5. Restore root in Voodoo rootkeeper and delete backup (make sure root is restored before deleting!) Restored Root -- Not 100% sure about deleting backup. 

6. Install bootstrap -- Intalled Bootstrap Ok

7. Reboot into bootstrap recovery -- Ok

7a. Backup performed

8. Wipe data -- OK ( all data and cache, and delvik caches)

9. Flash eclipse -- FAILED at line 294 with message that it can't chown /mod /system/ 
 set_perm_recursive 0 0 0755 0644 system

10. Restored prior to shutdown -- Back to 2.3.5 rooted and working.

*Ideas as to what i am doing wrong??* Does the file need to be unzipped on my phone or will the zip work ok?


----------



## Pixelated (Dec 1, 2011)

voodoo rootkeeper, fail.

The error is related to root.

After sbf, apply 2.3.5 update, then root using *Zergrush*... its here somewhere.

*voodoo OTA rootkeeper always fails somehow... don't use it unless ur planning on staying STOCK and rooted, that way u can dl OTA updates.*


----------



## RandyHut (May 19, 2012)

Finally! Thanks Pixelated!
i actually must have done something wrong before (Not sure i deleted the backup in step 5 above) this time i made sure i did and it loaded right up.!


----------



## themib (Sep 14, 2011)

Pixelated said:


> voodoo rootkeeper, fail.
> 
> The error is related to root.
> 
> ...


 you can't root 2.3.5/1.3.418 with zergrush
you have to be on 2.3.4 and root with pete's because zerg can remove stock files, causing update 418 to fail
so you have to use voodoo if you want 418 rooted just remove su backup before flashing eclipse

Sent from my DROID X2 using RootzWiki


----------



## Arbalest (Apr 27, 2012)

themib said:


> you can't root 2.3.5/1.3.418 with zergrush
> you have to be on 2.3.4 and root with pete's because zerg can remove stock files, causing update 418 to fail
> so you have to use voodoo if you want 418 rooted just remove su backup before flashing eclipse
> 
> Sent from my DROID X2 using RootzWiki


had the exact same problem as RandyHut. i totally agree with themib
Googled around and read about the 2.3.5 Zergrush root method but I just cant get it work anyhow..

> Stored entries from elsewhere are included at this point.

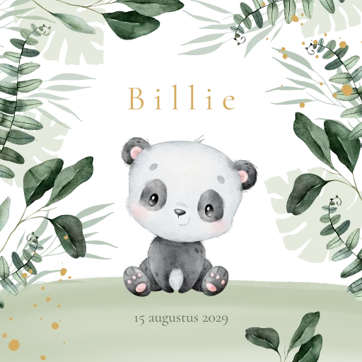 Geboortetegel met pandabeertje in jungle vol groene bladeren. Mooie herinnering aan de komst van jouw kindje.
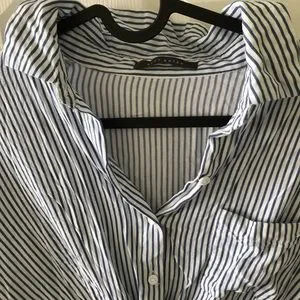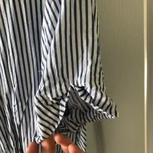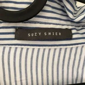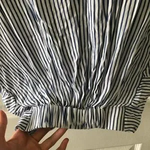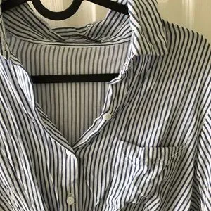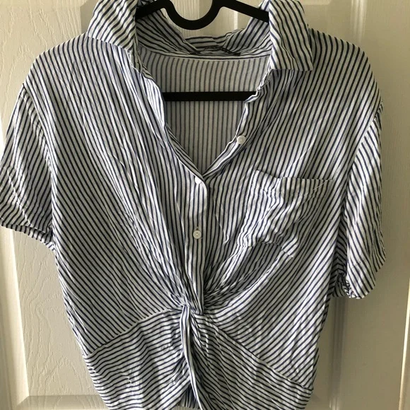 Very cute and summery crop top from Suzy Shier! The blue and white stripes are super cute and flattering, and they give the shirt and very sailor-like vibe! The shirt has buttons on the from, a collar, and sleeves that are tapered so they fit closer to the arms. The bottom of the top has a knitted look at the front, and it cinched in the back, for style but also to help keep the top in place. The shirt hits about mid abdomen on me (5’8”, 130lbs), but it would likely hit lower on the belly for someone a bit smaller than me! If you need specific measurements, please let me know! I’m also always open to offers!
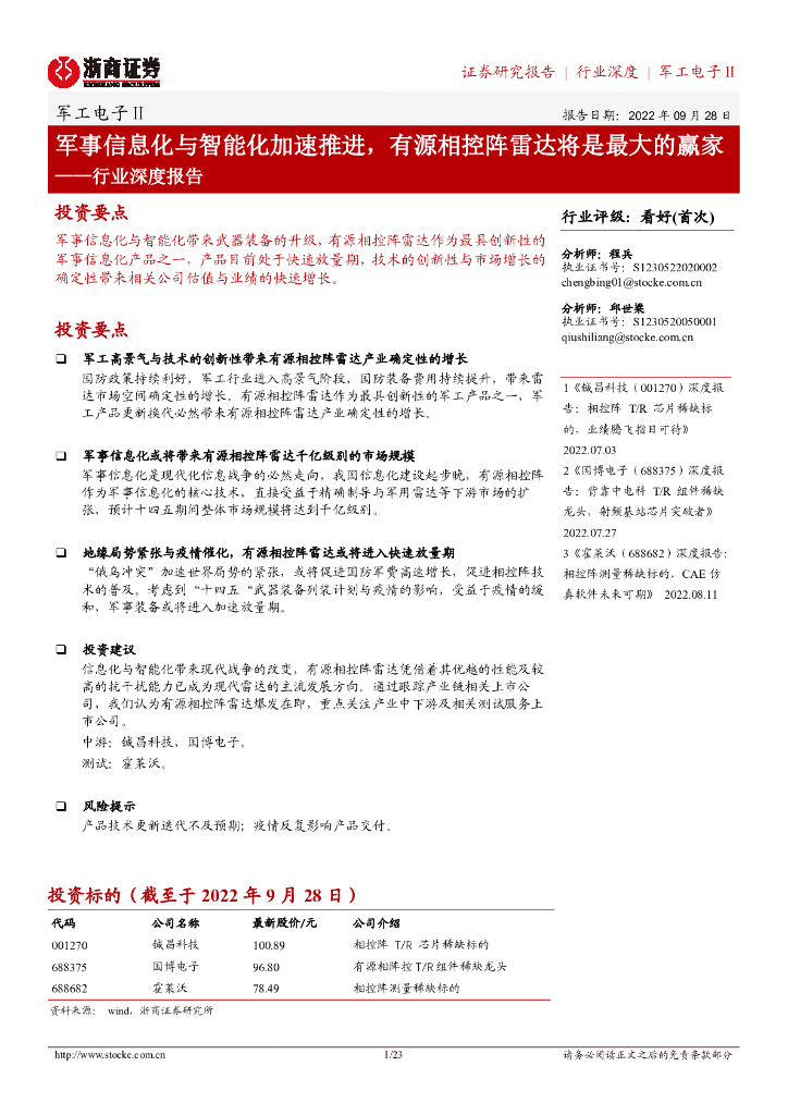 浙商证券:军工电子Ⅱ行业深度报告:军事信息化与智能化加速推进,有源相控阵雷达将是最大的赢家.pdf
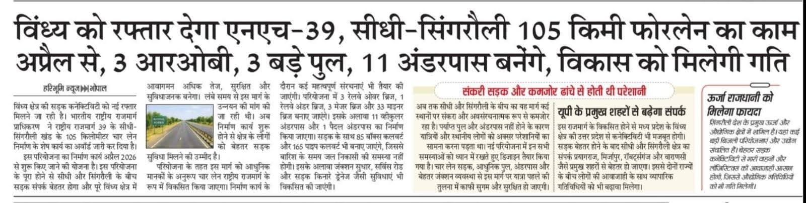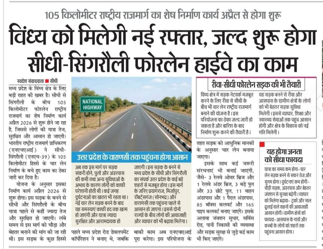 NH 39 देगा विंध्य को रफ्तार, अप्रैल से शुरू होगा सीधी-सिंगरौली फोरलेन का काम
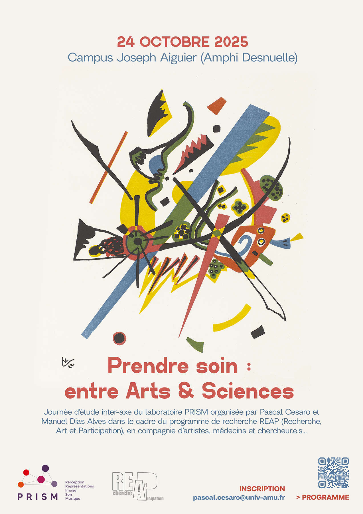 Cette journée d’étude inter-axe du laboratoire PRISM est organisée par Pascal Cesaro et Manuel Dias Alves dans le cadre du programme de recherche REAP (Recherche, Art et Participation) en compagnie d’artistes, de médecins et de chercheur.e.s qui interviennent à la croisée entre Arts, Sciences et Santé. Leurs présentations interrogent des formes d’actions singulières qui sont liées à l’acte de prendre soin avec l’objectif de dépasser l’idée de l’Art comme forme de divertissement et afin de redéfinir la valeur scientifique de la production artistique dans une dynamique thérapeutique.
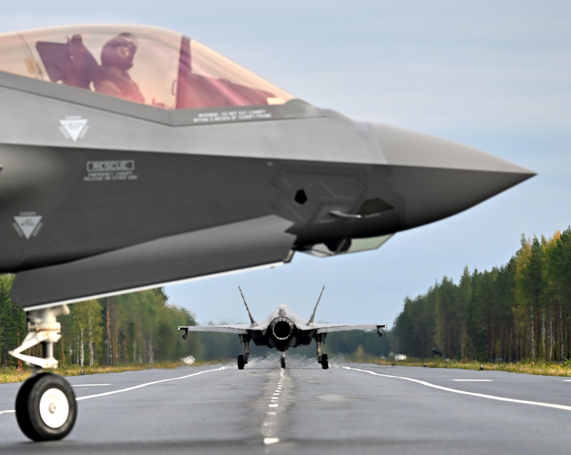 RNoAF F-35As conducting landed and take off operations on a rural highway in Tervo, Finland (Sept 21, 2023). #Finland, which joined #NATO in April, shares a 1,300 km border with #Russia. #Norway is a founding member of the alliance.#avgeeks #aviation #aviationdaily #aviationlover
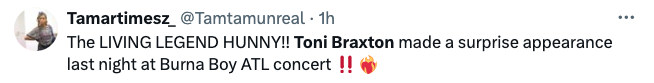 Toni Braxton Trends As Fans React To Burna Boy Bringing Her On Stage For A Surprise Performance: ‘I Could Have Fell TF Out’
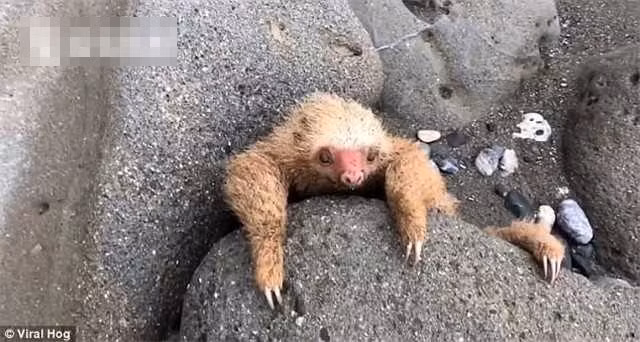 Tại bãi biển ở Costa Rica, sau khi thủy triều rút và cơn bão qua đi, người ta phát hiện một chú lười con tội nghiệp đang không ngừng run rẩy, ôm chặt lấy một hòn đá và không ngừng kêu cứu vô cùng thương tâm.
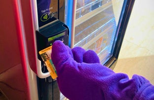Open the door and take what you need — snacks, drinks, or late-night essentials. The machine tracks your selections automatically.
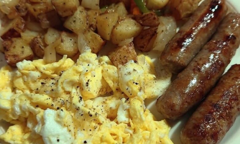 Toast the bread and butter it if you’re feeling extra. Plate up the eggs, home fries, and sausage—this is a diner-style breakfast, simple comfort meal, family favorite vibe all the way.
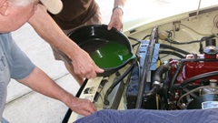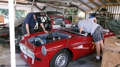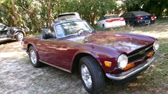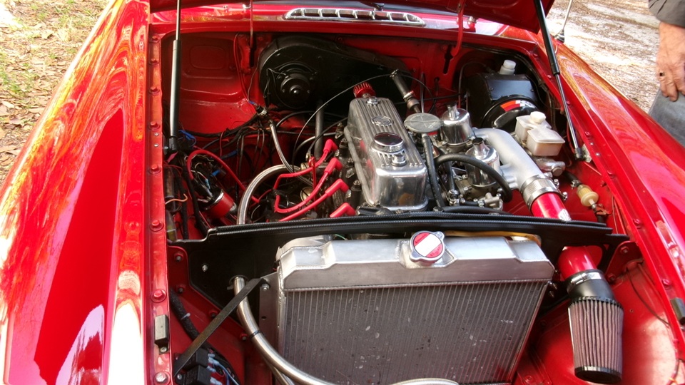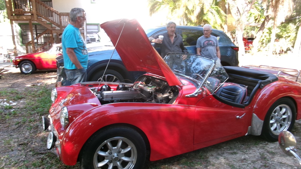 Question, can you replace a camshaft in an MGB without pulling the engine or removing the sump? Answer, yes, but you have to remove the radiator, displace the oil cooler, remove carburetors and manifolds, valve cover and pushrods, side covers and tappets. Also remove crank pulley, timing cover, tensioner, sprockets and chain, and the camshaft front retaining plate. That was about time the questioner declared that his friend could do it himself. Some discussion about this TR#with aTR6 front frame and suspension and rack and pinion steering gear, fat tires and 2-inches of ground clearance. Don't try to drive over a speed bump.
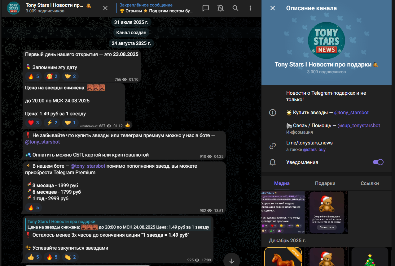 Tony Stars bot – сервис по покупке Telegram Stars, TON и Premium якобы дешевле, чем в приложении, и без верификации. В обзоре проанализируем доступный функционал, посты публичного телеграмм-канала, а также отзывы клиентов «Тони Старс».
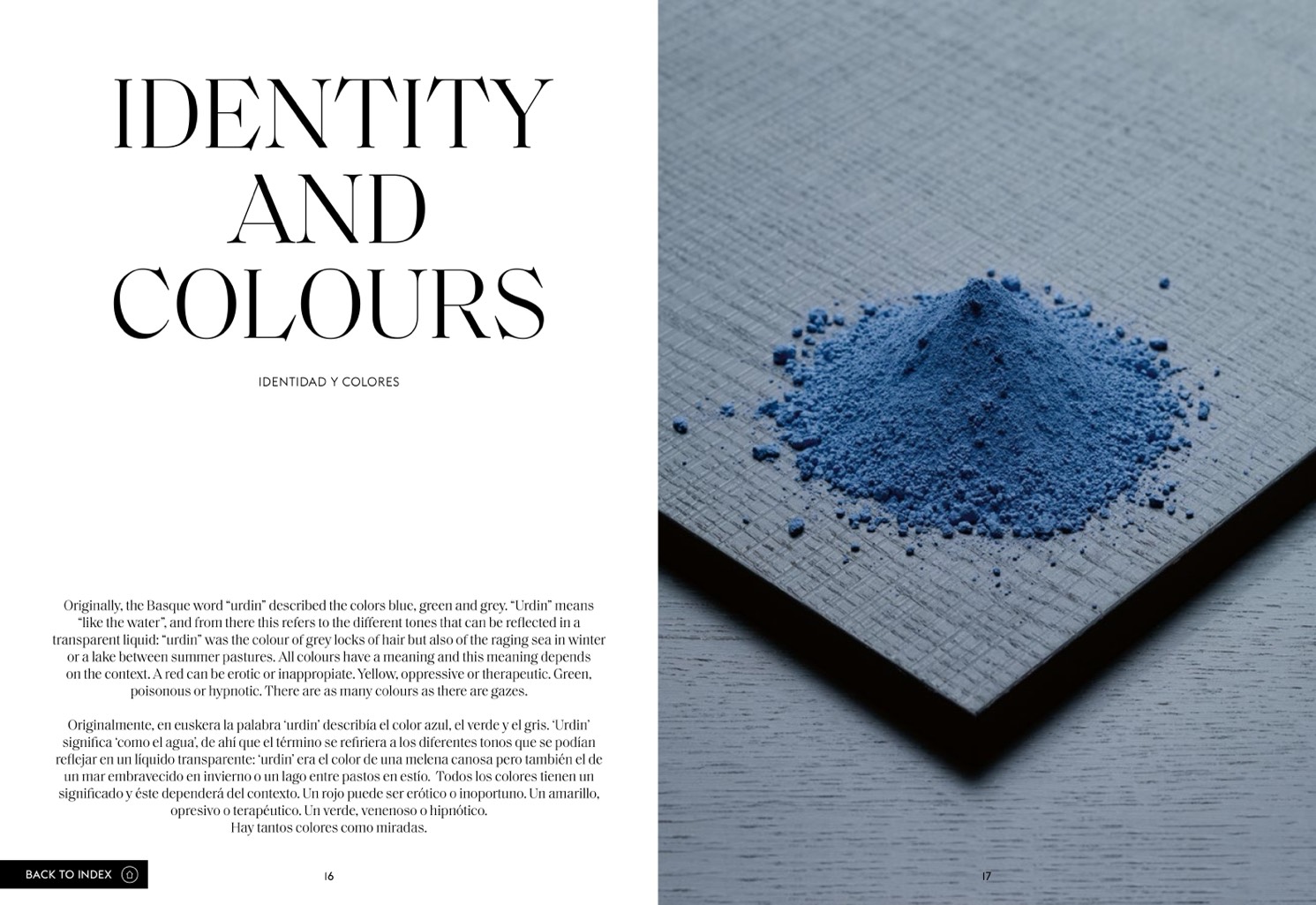 Originally, the Basque word “urdin” described the colors blue, green and grey. “Urdin” means
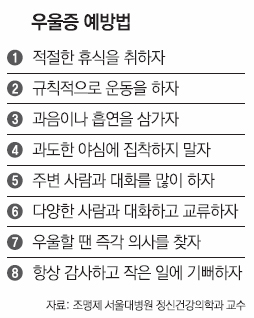 많은 사람들이 정신과 질환은 잘 낫지 않는다고 생각하지만 우울증은 치료가 잘되는 병이다. 전문의와 상담해 치료를 받는 한편으로 스스로도 극복하기 위해 노력을 해야 한다.
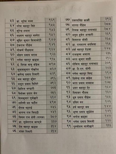 यस्तै रमेश लेखकले दुई हजार १३१, ज्ञानेन्द्रबहादुर कार्कीले दुई हजार १२७, शङ्कर भण्डारीले दुई हजार ११२, जीपछिरिङ लामाले दुई हजार ३५, अर्जुननरसिंह केसी दुई हजार ३०, गोपालमान श्रेष्ठले एक हजार ९५२, जीतजङ्ग बस्नेतले एक हजार ९३९, नैनसिंह महर एक हजार ८८३, सुनिलबहादुर थापाले एक हजार ८८१ र डा रामशरण महतले एक हजार ८७५ मत प्राप्त गरेका छन् । उनीहरु क्रमशः छैटौँ, सातौँ, आठौँ, नवौँ, दशौँ, एघारौँ, बाह्रौँ, तेह्रौँ, चौथौँ र पन्ध्रौँ स्थानमा रहेका छन् ।
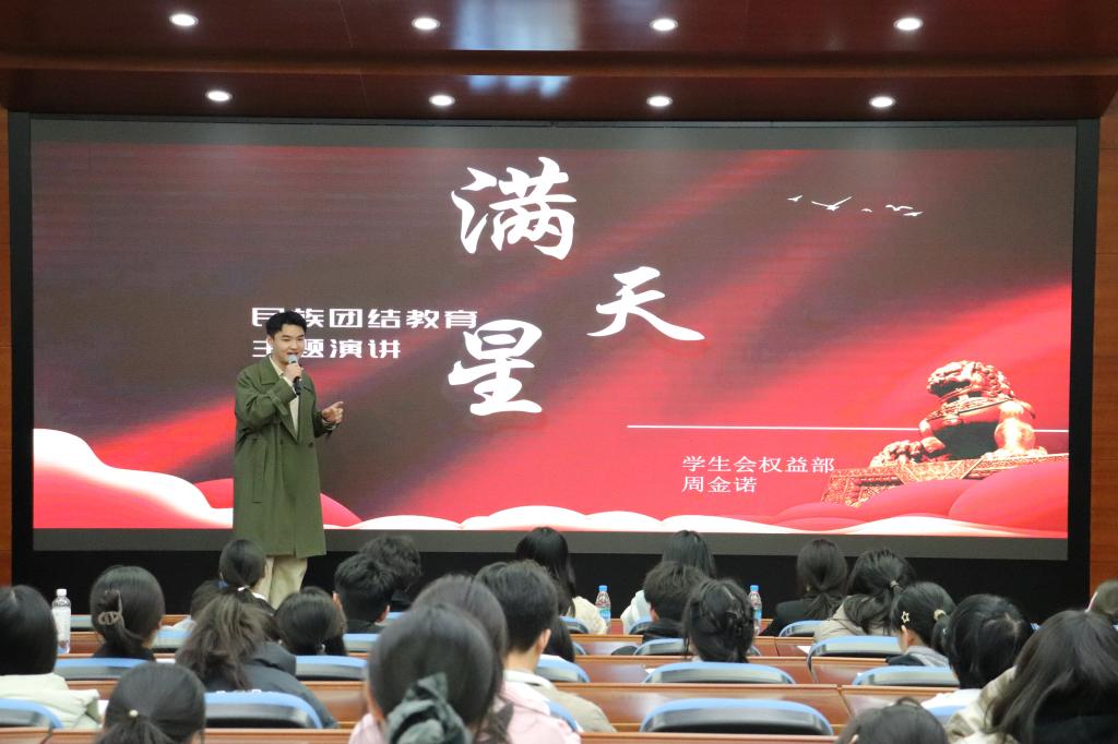 团委于11月29日在环境楼报告厅举办“民族团结,籽籽同心”主题演讲比赛。本次比赛邀请乐仪思辨社社长陈海啸、校社团联合会社团管理部部长邱信羽、轻小说
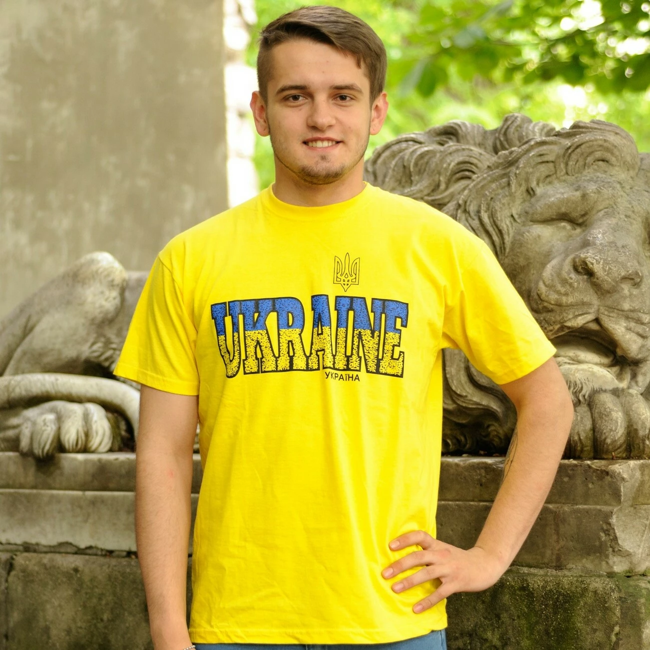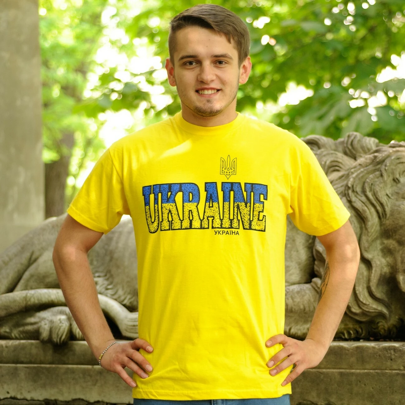 Чоловіча футболка із патріотичним принтованим надписом на кольоровому тлі від гуртівні Leosouvenir зробить Вас справжнім Українцем.

so...SBF'd back to 2.3.4 - root using Pete's - OTA rootkeeper - flash 2.3.5 via stock - restore root then delete SU backup and uninstall OTA rotkeeper! - flash Eclipse

now i'm enjoying the beauty


----------



## Pixelated (Dec 1, 2011)

themib said:


> you can't root 2.3.5/1.3.418 with zergrush
> you have to be on 2.3.4 and root with pete's because zerg can remove stock files, causing update 418 to fail
> so you have to use voodoo if you want 418 rooted just remove su backup before flashing eclipse
> 
> Sent from my DROID X2 using RootzWiki


 sorry, I had not installed the ota, because it didn't do anything for our phone. Still have in accurate battery, it's a bit snappier, but so is Cm7, cm9, & MIUI... OP says nothing about ROM choice

DROID DOES, Apple did...like I forgot when


----------